The tax cuts include increasing the property tax credit to a maximum of $300 per tax filer, up from the current $200. The credit is effective for the 2022 calendar year and can be received when residents file their taxes before April 15, 2023.

The suspension of the state’s 25-cents-per-gallon gasoline tax will be extended until expiring on December 1.

Car taxes would be reduced for about 75 of the state’s 169 municipalities. The biggest cuts would be for communities with the highest mill rates, while low-tax towns like Greenwich, New Canaan, Darien, Westport, Essex, Kent, Fairfield, Farmington, Madison, and Old Saybrook would receive no relief at all.

The child tax credit would be $250 per child for a maximum of three children - meaning a reduction of $750 for the year from the state income tax. The credit will help 600,000 children who are currently claimed as dependents on state tax returns. Single parents earning up to $100,000 and couples earning up to $200,000 per year will be eligible for the credit, which lasts for only one year.

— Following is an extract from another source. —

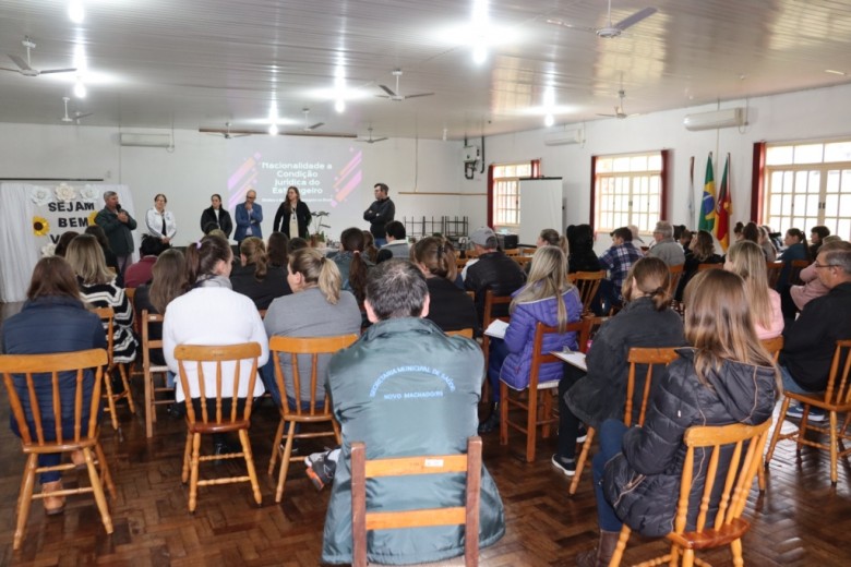 Na tarde da última quarta-feira, 14 de junho, aconteceu no Centro Cultural de Novo Machado a palestra “Aspectos práticos da regularização da nacionalidade a partir do direito brasileiro e do direito internacional”. O evento foi promovido pela Secretaria Municipal da Saúde e Assistência Social, Rede Bem Cuidar e Prefeitura Municipal de Novo Machado, e contou com a presença da coordenadora do curso de Direito do campus Santa Rosa, professora Fernanda Serrer, do professor do curso, professor Tiago dos Santos da Silva, e da advogada do Escritório Modelo, Simoni Strongalli.

The state’s earned income tax credit will remain at its current level of 41.5%, which is far beyond the historical levels since the Connecticut credit was created in 2011. The credit will help an estimated 200,000 taxpayers statewide.

With tax collections exploding, the state will now place an additional $3.5 billion into the rainy day fund, far beyond last year’s total pension contribution of $1.6 billion. The $45.5 billion pension fund has been underfunded because legislators and governors failed for decades to place the minimum contributions into the fund.

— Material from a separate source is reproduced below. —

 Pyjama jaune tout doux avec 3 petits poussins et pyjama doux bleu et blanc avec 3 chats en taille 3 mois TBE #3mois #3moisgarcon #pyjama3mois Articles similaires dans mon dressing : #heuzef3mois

“There’s a lot to like in terms of this tax package, but I remain disappointed,’’ said Rep. Holly Cheeseman, the ranking House Republican on the tax-writing finance committee. “We were never included in the room. ... I know we can do better. ... The ball was dropped. It wasn’t even punted.’’

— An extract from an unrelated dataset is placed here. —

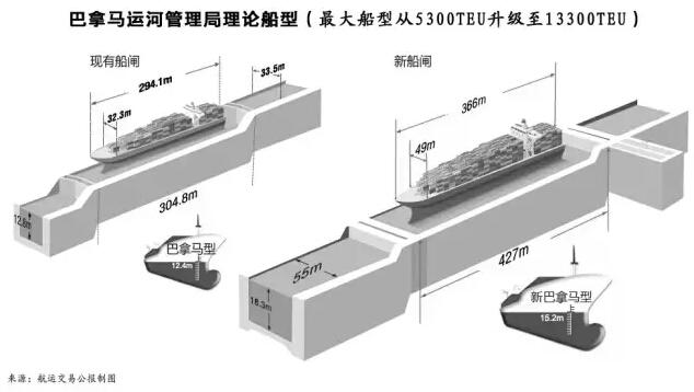 而最終巴拿馬運河管理局定義的巴拿馬最大船型為:長366米,寬49米,吃水15.2米,這意味著可以通過運河的最大集裝箱船可以達到1.33萬TEU(見圖)?梢灶A計,巴拿馬運河拓寬后,1.4萬TEU型船將進入美東航線,該航線并有可能進一步延伸,形成東西向的環球航線。巴拿馬運河拓寬通航后,亞洲經巴拿馬運河至美東,與亞洲經印度洋和蘇伊士運河、最后跨大西洋至美東將可使用8000~1.2萬TEU相同型船。因此,在巴拿馬運河擴建后,這兩條航線極有可能部分合并,形成一條適應性更好的環赤道全球航線,班輪公司通過沿途合理攬貨安排可解決集裝箱船東西行重箱和空箱不平衡問題,提高船舶運營效益!秳谑先請蟆氛J為,一些航運企業或考慮重開環球航線?缣窖蠛骄的船舶在抵達美東后,繼續橫跨大西洋至歐洲,最后通過蘇伊士運河返回亞洲,也可出現西行方向環線。整體來看,新環球航線很可能配合相關的支線網絡,在接下來的五年內誕生。

Not everyone was happy with the budget.

“It is deeply disappointing that the final state budget agreement does not include any increase in funding for the state’s five Independent Living Centers, despite the budget supporting a wide range of other community-based nonprofits,’' said Sharon Heddle, chairwoman of the Connecticut Association of Independent Living Centers. “Despite increases in need year after year, our funding has remained stagnant since the Centers were established in 1987. Funding at $766,000 per year for all five Centers limits our ability to serve the community and costs the state millions in far more expensive residential and emergency services.’'

On the spending side, the package includes money for education, teacher training, senior centers, Alzheimer’s disease programs, neighborhood community centers, and training for engineers in the state transportation department. The budget also provides $630 million to help private providers who hold state contracts, more than $158 million for child care, an additional $40 million for the unemployment insurance trust fund, and 24-hour, mobile psychiatric units to help with the growing problem of mental health.

The budget includes money for future pay raises for legislators starting next year, but that increase is subject to a separate vote by lawmakers who have been reluctant to award pay hikes for the past 21 years.